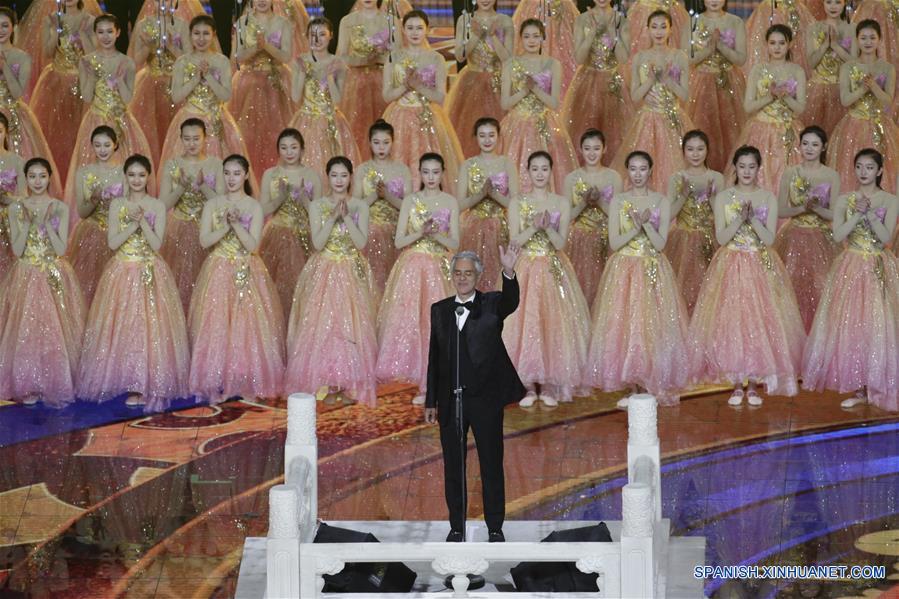 BEIJING, 15 mayo, 2019 (Xinhua) -- El cantante italiano, Andrea Bocelli (frente), canta "Nessun Dorma", una aria de la ópera "Turandot", en el carnaval de la cultura asiática, que se lleva a cabo en el Estadio Nacional, o Nido de Pájaro, en Beijing, capital de China, el 15 de mayo de 2019. (Xinhua/Shen Bohan)
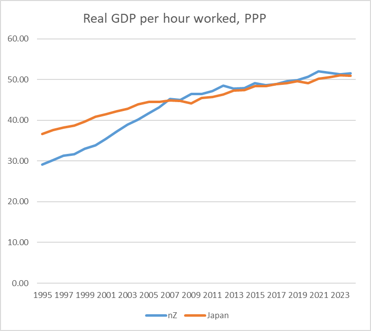 A commenter noted that in the first chart above NZ was just ahead of Japan. On this measure, we have been much the same as Japan for getting on for 20 years now.
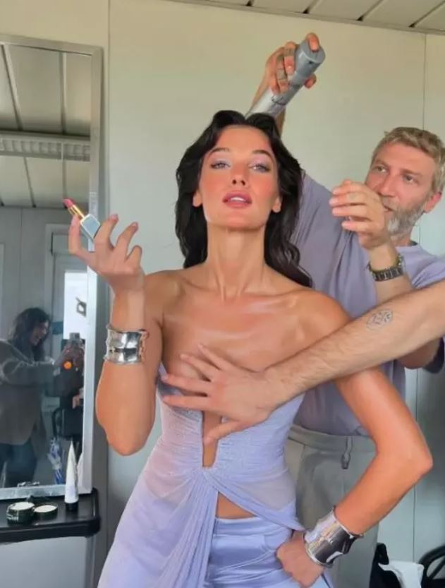 Hazırlık pozlarında Pınar Deniz'in dekoltesinde sürekli bir el olması sosyal medyanın diline düştü.
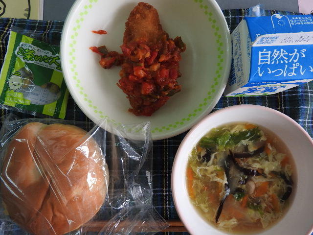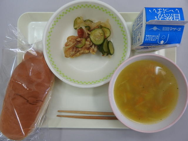コッペパン、牛乳、コンソメスープ、チキン南蛮、デザート 614㎉ タンパク質26.6g
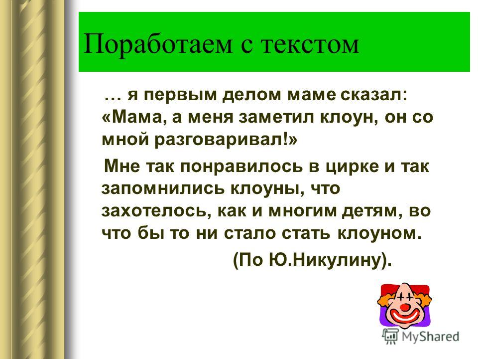Поработаем с текстом Клоуны остались в памяти навсегда. Очень поразил меня трюк с цилиндром. Клоун вынимал из него огромное количество предметов: круг колбасы, гирлянду сосисок, двух живых куриц, батоны хлеба. Курицы махали крыльями, все вокруг смеялись. Я громко кричал. Один из клоунов передразнил мой крик. Все от этого засмеялись. «Папа, папа! – задергал я отца. – Клоун мне ответил! Ты слышал?!» Когда мы вернулись домой, …
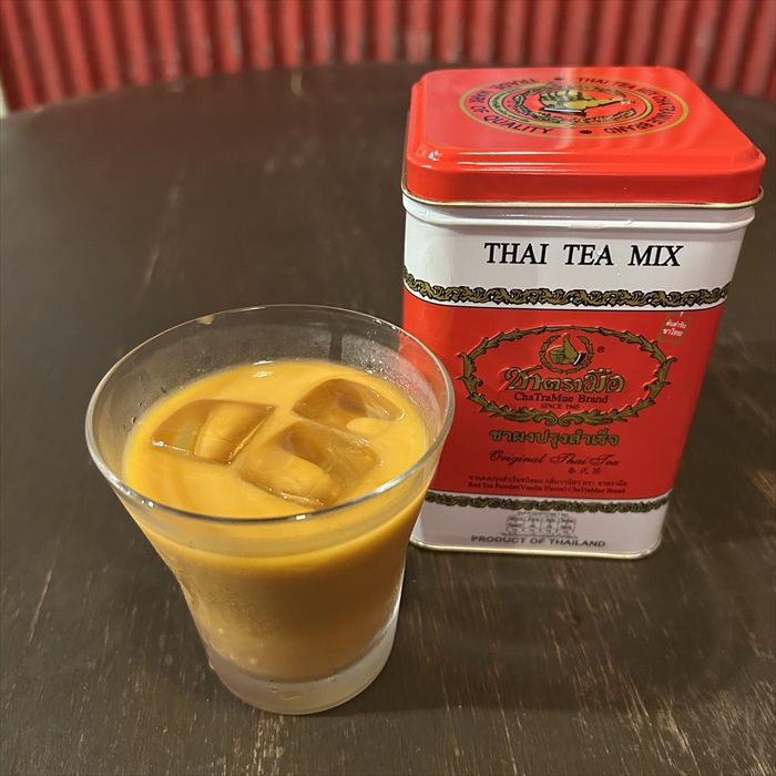 独特な色にびっくり?!タイティーは茶葉に砂糖とコンデンスミルク(練乳)を加えた甘めのミルクティー。その濃厚な味わいは辛いタイ料理との相性抜群!70年以上タイで親しまれているタイで有名なお茶です。
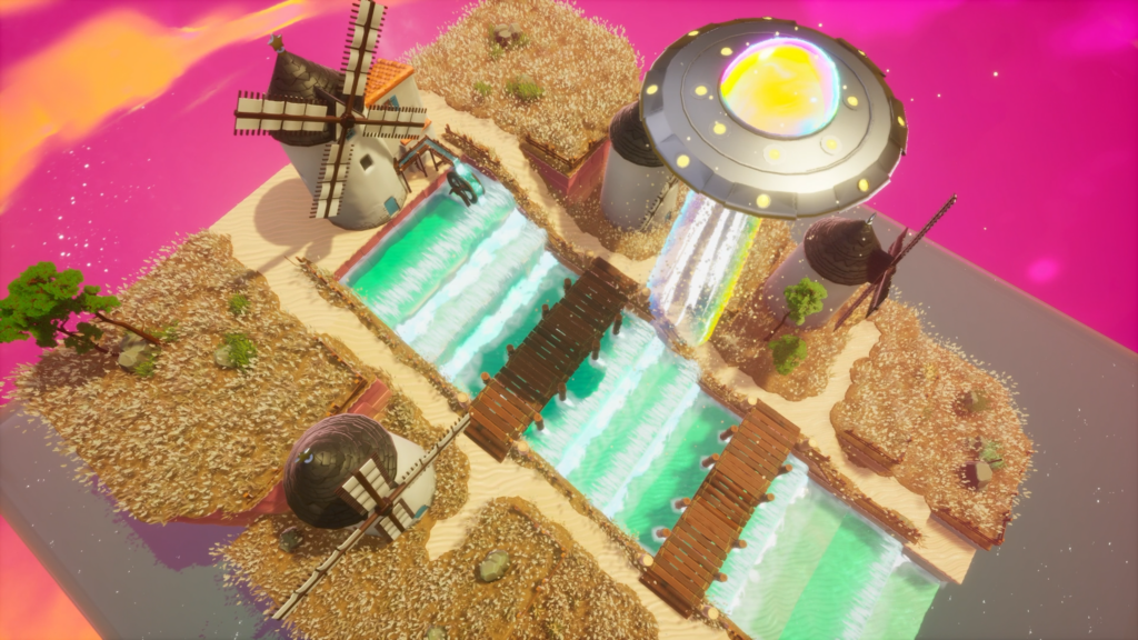 - Mundos coloridos construídos para competição e risadas
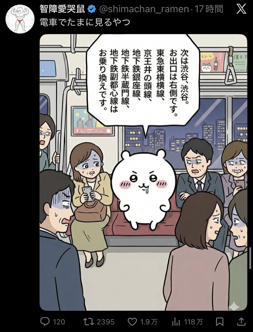 | … | 526/02/19(木)00:35:26No.1403370781+The next station is Shibuya. The doors on the left side will open. Please change here for the Tokyu Toyoko line, the Tokyu Den-entoshi line, the Keio Inokashira line, the Ginza subway line, the Hanzomon subway line, and the Fukutoshin subway line. |
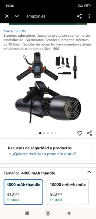 Scooter submarino eléctrico ERSDM con propulsor sin escobillas. - Autonomía de 130 minutos. - Velocidad de 10 km/h. - Ideal para kayaks, embarcaciones inflables y tablas de remo.
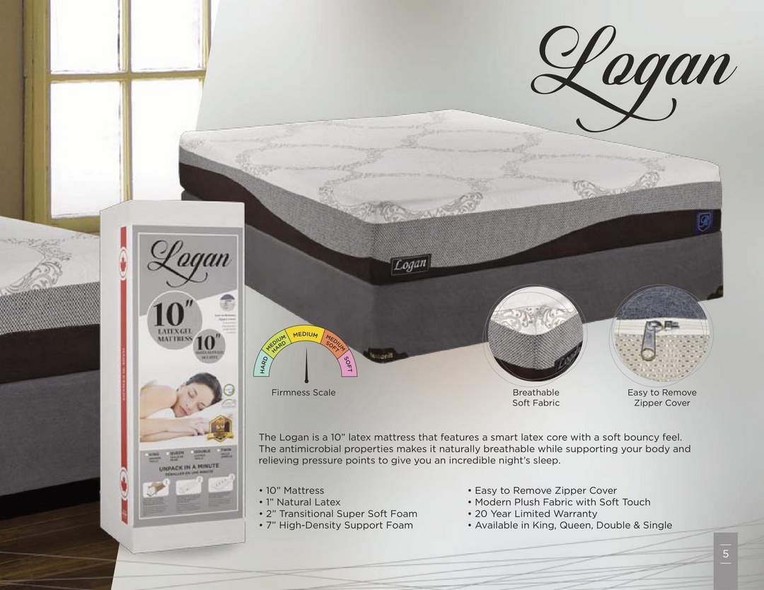The Logan is a 10” latex mattress that features a smart latex core with a soft bouncy feel. The antimicrobial properties makes it naturally breathable while supporting your body and relieving pressure points to give you an incredible night’s sleep.

- Task details: Each entry should appear again exactly as written, pictures excluded.

- Exercise response:
 BEIJING, 15 mayo, 2019 (Xinhua) -- El cantante italiano, Andrea Bocelli (frente), canta "Nessun Dorma", una aria de la ópera "Turandot", en el carnaval de la cultura asiática, que se lleva a cabo en el Estadio Nacional, o Nido de Pájaro, en Beijing, capital de China, el 15 de mayo de 2019. (Xinhua/Shen Bohan)
 A commenter noted that in the first chart above NZ was just ahead of Japan. On this measure, we have been much the same as Japan for getting on for 20 years now.
 Hazırlık pozlarında Pınar Deniz'in dekoltesinde sürekli bir el olması sosyal medyanın diline düştü.
コッペパン、牛乳、コンソメスープ、チキン南蛮、デザート 614㎉ タンパク質26.6g
Поработаем с текстом Клоуны остались в памяти навсегда. Очень поразил меня трюк с цилиндром. Клоун вынимал из него огромное количество предметов: круг колбасы, гирлянду сосисок, двух живых куриц, батоны хлеба. Курицы махали крыльями, все вокруг смеялись. Я громко кричал. Один из клоунов передразнил мой крик. Все от этого засмеялись. «Папа, папа! – задергал я отца. – Клоун мне ответил! Ты слышал?!» Когда мы вернулись домой, …
 独特な色にびっくり?!タイティーは茶葉に砂糖とコンデンスミルク(練乳)を加えた甘めのミルクティー。その濃厚な味わいは辛いタイ料理との相性抜群!70年以上タイで親しまれているタイで有名なお茶です。
 - Mundos coloridos construídos para competição e risadas
 | … | 526/02/19(木)00:35:26No.1403370781+The next station is Shibuya. The doors on the left side will open. Please change here for the Tokyu Toyoko line, the Tokyu Den-entoshi line, the Keio Inokashira line, the Ginza subway line, the Hanzomon subway line, and the Fukutoshin subway line. |
 Scooter submarino eléctrico ERSDM con propulsor sin escobillas. - Autonomía de 130 minutos. - Velocidad de 10 km/h. - Ideal para kayaks, embarcaciones inflables y tablas de remo.
The Logan is a 10” latex mattress that features a smart latex core with a soft bouncy feel. The antimicrobial properties makes it naturally breathable while supporting your body and relieving pressure points to give you an incredible night’s sleep.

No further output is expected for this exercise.